[[ Data supplied open ]]

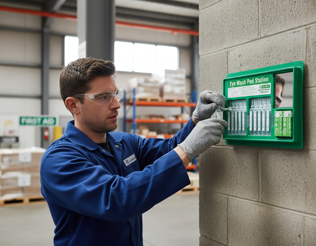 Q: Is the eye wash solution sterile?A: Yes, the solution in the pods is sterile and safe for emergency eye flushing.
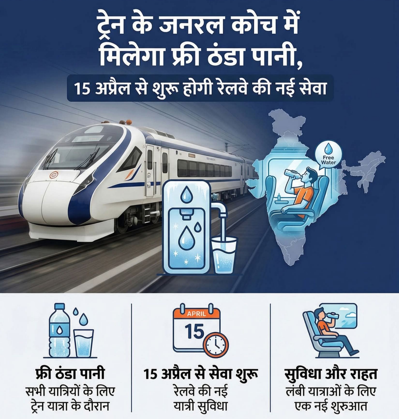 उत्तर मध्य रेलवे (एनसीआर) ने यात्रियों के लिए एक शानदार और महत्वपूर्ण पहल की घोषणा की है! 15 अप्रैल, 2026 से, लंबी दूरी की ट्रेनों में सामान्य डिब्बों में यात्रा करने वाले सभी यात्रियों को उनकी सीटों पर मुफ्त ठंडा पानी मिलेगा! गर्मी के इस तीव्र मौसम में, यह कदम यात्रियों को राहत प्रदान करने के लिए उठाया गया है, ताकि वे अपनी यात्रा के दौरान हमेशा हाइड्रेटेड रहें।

[[ Data supplied closed ]]
[[ Data supplied open ]]

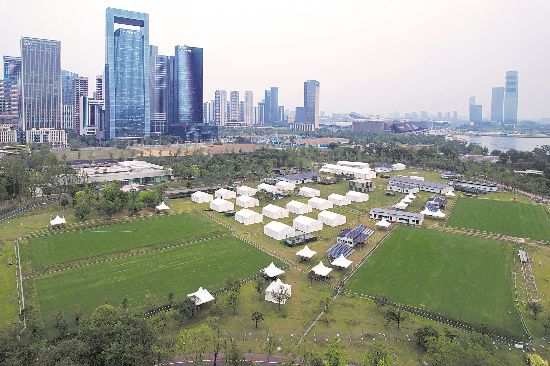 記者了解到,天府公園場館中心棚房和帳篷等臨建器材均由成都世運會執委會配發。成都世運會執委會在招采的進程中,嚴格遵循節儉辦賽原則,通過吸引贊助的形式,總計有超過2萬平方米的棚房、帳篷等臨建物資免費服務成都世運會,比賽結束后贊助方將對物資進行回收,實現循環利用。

[[ Data supplied closed ]]
[[ Data supplied open ]]

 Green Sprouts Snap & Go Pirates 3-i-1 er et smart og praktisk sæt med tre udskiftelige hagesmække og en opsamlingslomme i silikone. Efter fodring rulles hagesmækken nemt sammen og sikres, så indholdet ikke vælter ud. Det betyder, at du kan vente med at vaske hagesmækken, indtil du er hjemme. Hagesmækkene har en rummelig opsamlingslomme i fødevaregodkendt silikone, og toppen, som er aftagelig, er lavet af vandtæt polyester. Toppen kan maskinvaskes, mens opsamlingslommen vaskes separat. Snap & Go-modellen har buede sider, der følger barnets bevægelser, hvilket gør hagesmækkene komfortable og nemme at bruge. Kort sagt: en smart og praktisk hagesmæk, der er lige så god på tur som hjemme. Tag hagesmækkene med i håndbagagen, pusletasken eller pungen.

[[ Data supplied closed ]]

Problem statement:
Your answer must be everything above from the line with "Q: Is the eye" down to the line with "उत्तर मध्य रेलवे", word for word, and no pictures.

Solution to the exercise:
 Q: Is the eye wash solution sterile?A: Yes, the solution in the pods is sterile and safe for emergency eye flushing.
 उत्तर मध्य रेलवे (एनसीआर) ने यात्रियों के लिए एक शानदार और महत्वपूर्ण पहल की घोषणा की है! 15 अप्रैल, 2026 से, लंबी दूरी की ट्रेनों में सामान्य डिब्बों में यात्रा करने वाले सभी यात्रियों को उनकी सीटों पर मुफ्त ठंडा पानी मिलेगा! गर्मी के इस तीव्र मौसम में, यह कदम यात्रियों को राहत प्रदान करने के लिए उठाया गया है, ताकि वे अपनी यात्रा के दौरान हमेशा हाइड्रेटेड रहें।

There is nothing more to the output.